Price data is not currently available for this combination. In general, look for setups where the CPU and GPU are balanced — this ensures you're not overspending on one component that the other can't keep up with.

3Which component should I upgrade first to improve Rocket League performance?

For Rocket League, upgrading the GPU would give you the most noticeable improvement. The Quadro K2200M is the limiting factor here, while the Ryzen 7 9800X3D still has spare capacity. A more powerful GPU would unlock higher FPS, especially at higher resolutions and quality presets. GPU-limited at: 1080p low, 1080p medium, 1080p high, 1080p ultra, 1440p low, 1440p medium, 1440p high, 1440p ultra, 4k low, 4k medium, 4k high, 4k ultra.

4Does this setup support Frame Generation for Rocket League?
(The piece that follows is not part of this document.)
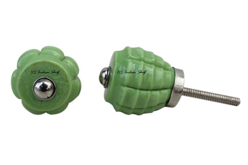Pea Green Step Glass Knobs. Ideal for Drawer, Dresser, Cabinet, Wardrobe, Cupboard and Almirah.

Rocket League does not currently support Frame Generation technologies like DLSS 3 or FSR 3. Your performance is based entirely on native rendering. If the game adds support in a future update, newer GPUs will benefit the most.

5What are the minimum and recommended specs for Rocket League?

Rocket League requires at minimum a Dual Core 2.4 GHz (CPU) and GeForce GTX 260 (GPU) with 2 GB RAM and 20 GB storage. For the recommended experience, you need a Quad Core 2.5 GHz and GeForce GTX 660 with 4 GB RAM. Your setup meets the minimum requirements but falls short of the recommended specs. You may need to lower some settings for smooth performance.

6How accurate are these Rocket League FPS estimates for the Ryzen 7 9800X3D and Quadro K2200M?

These Rocket League FPS results are not arbitrary numbers. They come from calculations informed by thousands of real gaming benchmarks, and the typical accuracy range is around 10% to 15%. That makes them far more useful than generic FPS calculators that simply invent values without a benchmark foundation. Actual in-game performance can still vary with drivers, updates, RAM configuration, cooling, and the exact scene being rendered.

Performance estimates are based on synthetic benchmarks and hardware capabilities.

Results may vary based on drivers, OS, and background processes.